I don’t know anything about this Cliven Bundy versus the Bureau of Land Management (BLM) fight, expect what I read in the pixels and we all know the media is controlled by socialist Muslims, right?

The issues at hand seem to be a) Mr. Bundy has been grazing his cattle on government land for the past 21 years without paying the fees that one who engages in such a practice is obligated to pay (he now owes around a million dollars) and b) that Mr. Bundy has also moved some cattle into an area that is restricted from grazing to protect a species of desert tortoise.

For his part, Mr. Bundy says the land in question is rightfully his, has been used (not owned, used) by his family since before the formation of the BLM and that his use of the land trumps public ownership.  He’s had his day in court, several of them, and lost every time.  Now he says he doesn’t recognize the existence of the US government.  His notions are not unique in his part of the country  – where many seem to be all too happy to take whatever the government will provide and give nothing themselves.  Various local and state officials and leaders in the region have expressed sympathy for Mr. Bundy’s point of view.  I think if we’re going to get into this whole “possession” question, we ought to invite representatives from the Navaho and Apache nations to give their thoughts on the subject.  Seems only fair.

I think it’s interesting that all this hits the media at the same time journalist Matt Taibbi is out with a new book, “The Divide: American Injustice in the Age of the Wealth Gap,” in which he notes that no one went to jail as a result of the market manipulations of the early 2000’s in which tanked the global economy and mired millions in misery ever since.

Mr. Taibbi’s premise is that economic inequality of the extreme variety we now experience, leads to an inequality of justice in America.  If you can afford enough legal firepower, the prosecutors – who care most for their batting averages (“Our office has a 98 percent conviction rate….”) – will not engage in a long and costly court battle they might lose unless the crime (excuse, me “alleged crime”) is so public and extreme that prosecution cannot be avoided.

On the other hand, if you’re poor or even middle class (and thus do not qualify for a public defender), then the state brings the full force of its legal resources to bear, as it’s easy to out-resource an underfunded PD or any legal team that can be assembled by taking a second mortgage on the average American home.

Guilty or not, poor and middle-class defendants are browbeaten into either accepting a plea bargain or going to trial with the prosecutor calling for maximum penalties upon conviction.  Most cop a plea to get it over with.

Rights are linked.  It’s impossible to have civil rights without economic rights.  So why shouldn’t Cliven Bundy refuse to cooperate with the feds?  Bankers just ignore rules they dislike, why not ranchers?  Everyone else seems to be stealing from the American taxpayer, why not join the fun?  Isn’t it just a difference between steal little, steal big?

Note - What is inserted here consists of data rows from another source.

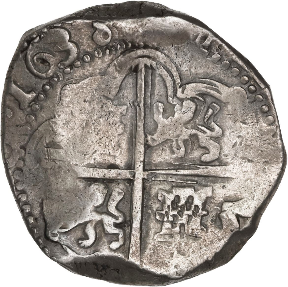 BOLIVIA, Potosí, cob 8 reales, 1638 TR, ex-Ponte. S-P27; KM-19a; Cal-1465. 27.47 grams. Very bold full date and assayer (scarce, but very rare this complete) and denomination •8•, decent full shield and cross despite typically chunky flan, Fine with only faint light toning. Pedigreed to the Luis R. Ponte Collection and to the Superior auction of June 1978 (lot 533).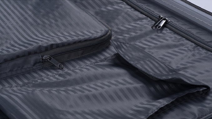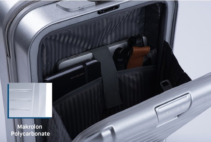 シェルには、軽量で耐久性の高く、ハイエンドのスーツケースでよく使われている、Bayer「Makrolon」ポリカーボネート硬質サイド素材を採用。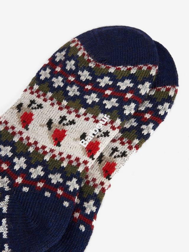 Праздничная интерпретация узора фэр-айл от Barbour с мотивами малиновки. Эти вязаные носки содержат шерсть для создания роскошного эффекта.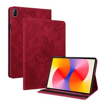 For Samsung Galaxy Tab S6 SM-T860/T865 Butterfly Flower Embossed Leather Tablet Case, without Pen(Red)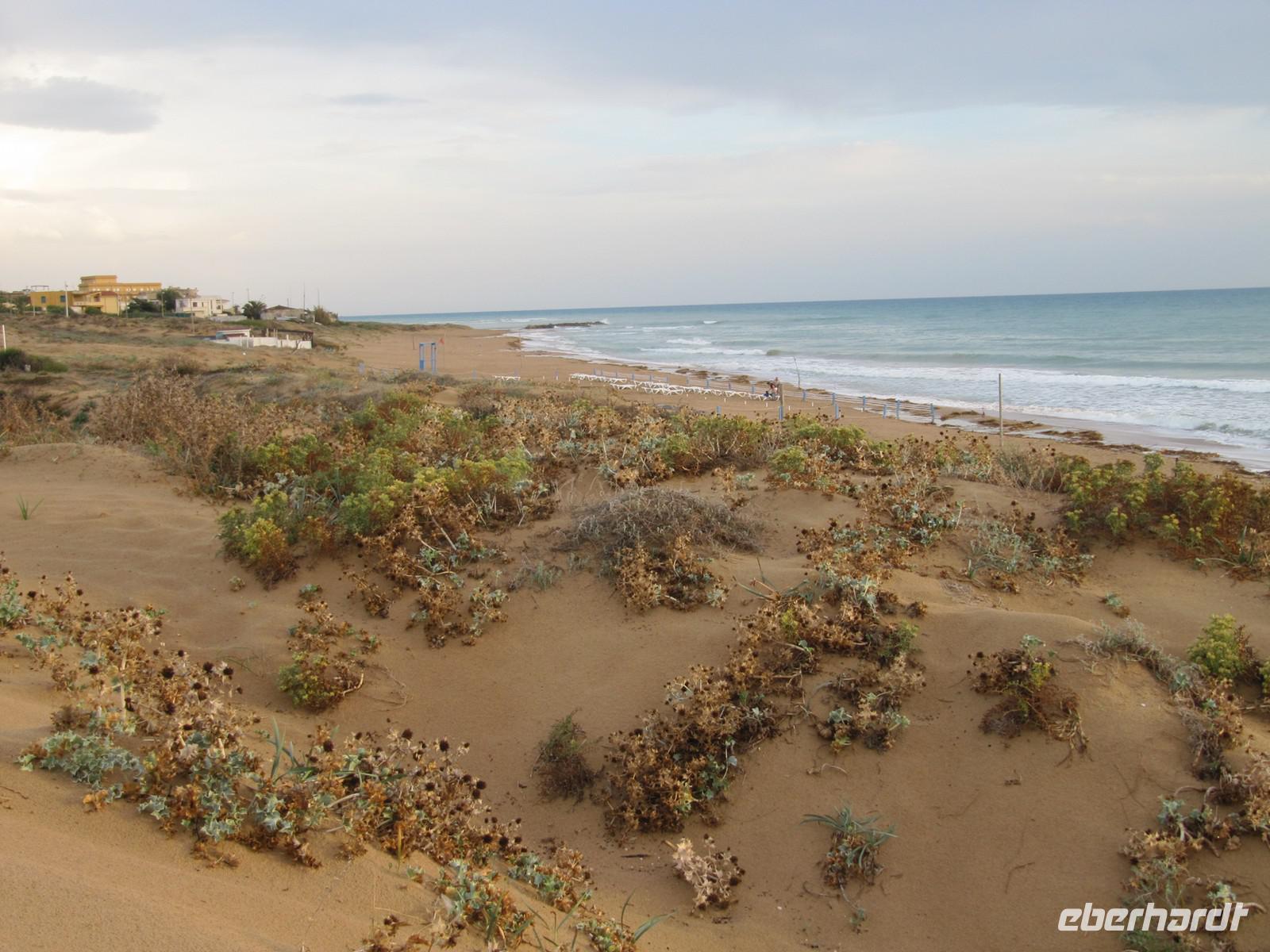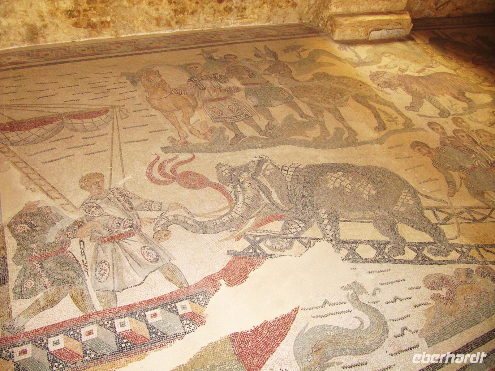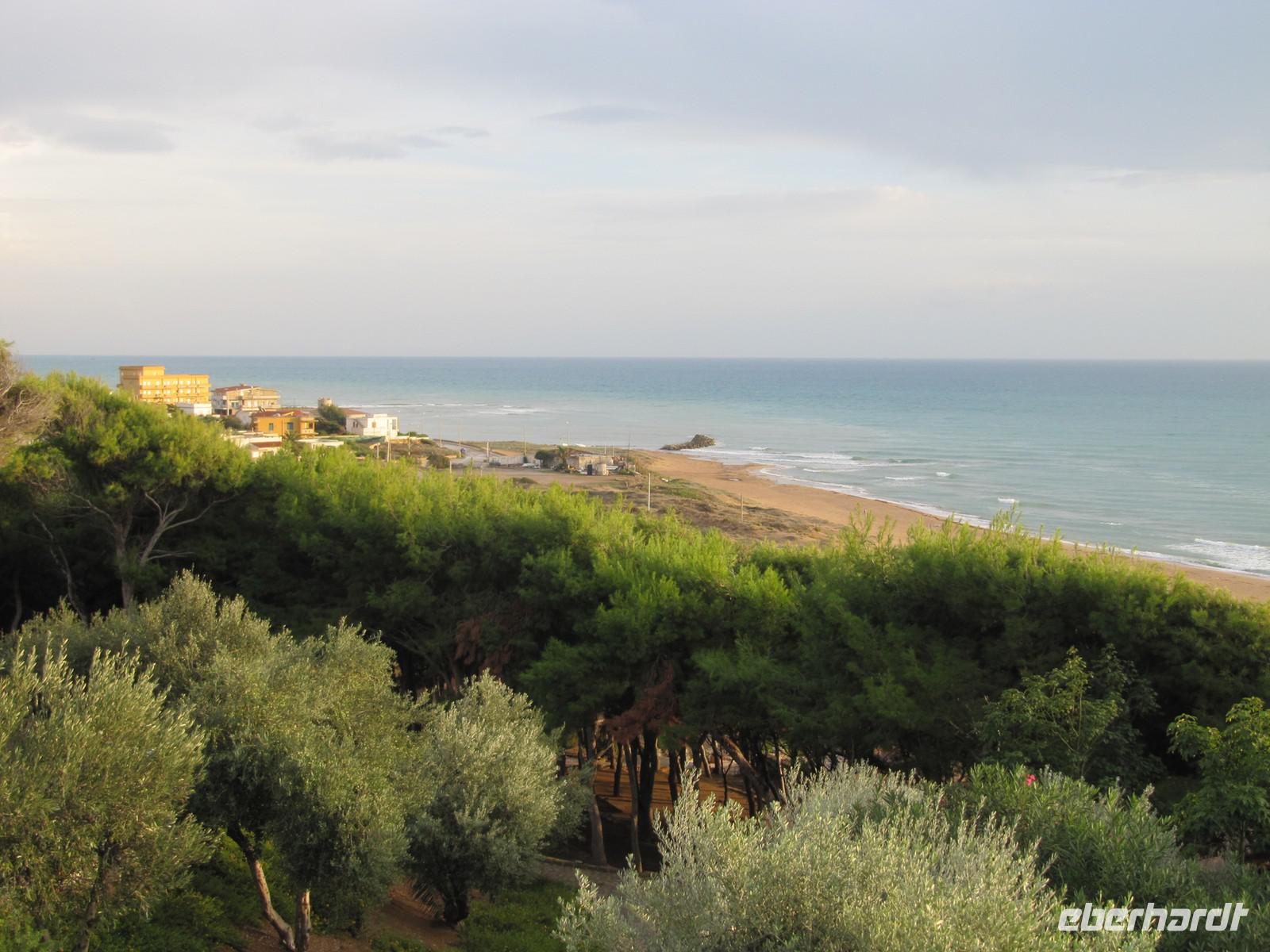 Weiterfahrt in den Süden der Insel! Von Catania fahren wir ein Stück Richtung Palermo auf der Autobahn und dann geht es über Piazza Armerina in die Villa Romana del Casale. Führerin Giusy erwartet uns schon und erklärt uns viel über diese berühmten phantastischen Mosaike. Danach sind wir beim Tenuta Barone Nicolo La Lumia zur Weinverkostung angemeldet. Auch ein kleiner Imbiss gehört dazu! Die Weine und das Essen sind ausgezeichnet! Wir sind ganz entzückt von vier kleinen Hundewelpen - ach wie süß! Unser heutiges Hotel Baia di Ulisse befindet sich in San Leone, einem Vorort von Agrigent, über einer kleinen Steilküste direkt am Meer. Viele Gäste nehmen noch ein Bad in den Wellen. Ein heftiges Gewitter entlädt sich am Abend, es stürmt und regnet stark!

It is, but one doesn’t justify the other.  Still, if society is breaking down all around you, do you really want to be the last schmuck who plays by the rules?

Mr. Bundy and his friends don’t have money, at least not the kind of money that will buy them the insulation Mr. Taibbi writes about.  They do have guns and when the BLM began impounding Mr. Bundy’s illegally-grazing cattle they arrived by the dozens, bristling with rifles, ready for armed insurrection.

The feds, saner than Mr. Bundy and friends, knew a cattle dispute is not worth anyone’s life or health.  I have to ask, did Mr. Bundy need the guns at all?  If he and his comrades had arrived on scene and blockaded the BLM with their bodies, brought cameras and media to bear witness, does he think the feds would have trampled their bodies?

The saddest part of both of the stories I have in mind today is that too many people in our nation have lost faith in the social contract we drew up 238 years ago and have decided they’d rather grab what they can by force of wealth or arms.

Ten years ago in this space I wrote with sadness that American democracy died.  I see nothing to change my opinion.